» **Task to carry out**: The following data needs to be repeated exactly, with all images excluded.

» **Material provided**:
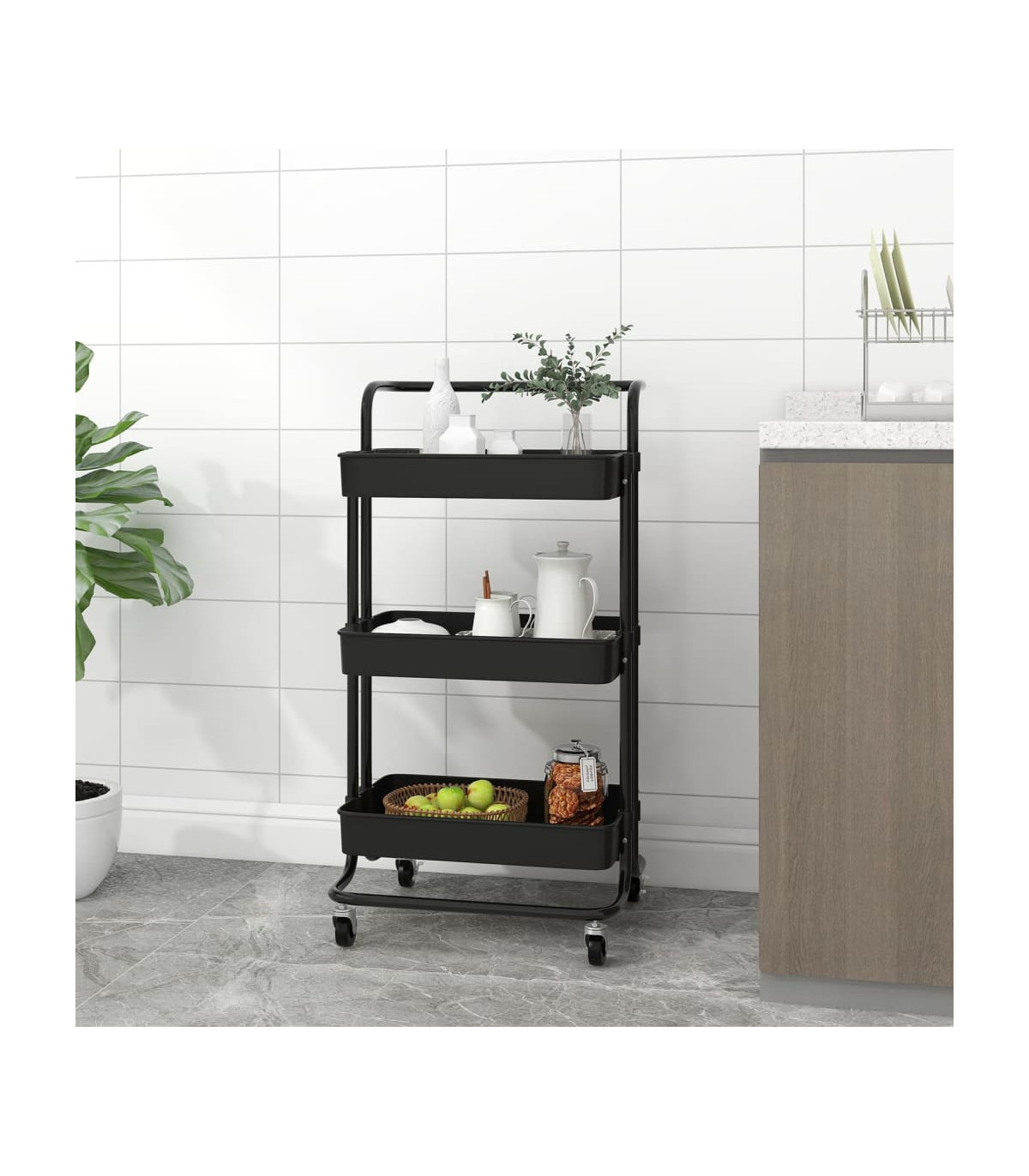 vidaXL 3-Tier Kitchen Trolley Black 42x35x85 cm Iron and ABS
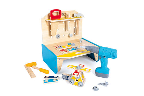 Me mjete duke përfshirë një trapan elektrik, çekiç, kaçavidë, çelës, vizore dhe një sharrë, fëmijët mund të luajnë me vegla lodër funksionale dhe të shijojnë një përvojë realiste dhe tërheqëse.
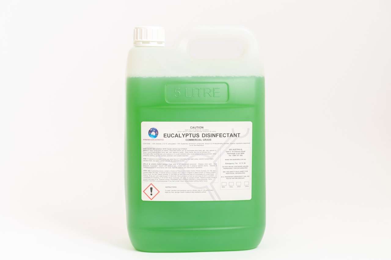 Multipurpose disinfectant with eucalyptus scent, 5 L. Effective on floors and surfaces, great for healthcare or high-touch zones.

» **Answer to this task**:
 vidaXL 3-Tier Kitchen Trolley Black 42x35x85 cm Iron and ABS
 Me mjete duke përfshirë një trapan elektrik, çekiç, kaçavidë, çelës, vizore dhe një sharrë, fëmijët mund të luajnë me vegla lodër funksionale dhe të shijojnë një përvojë realiste dhe tërheqëse.
 Multipurpose disinfectant with eucalyptus scent, 5 L. Effective on floors and surfaces, great for healthcare or high-touch zones.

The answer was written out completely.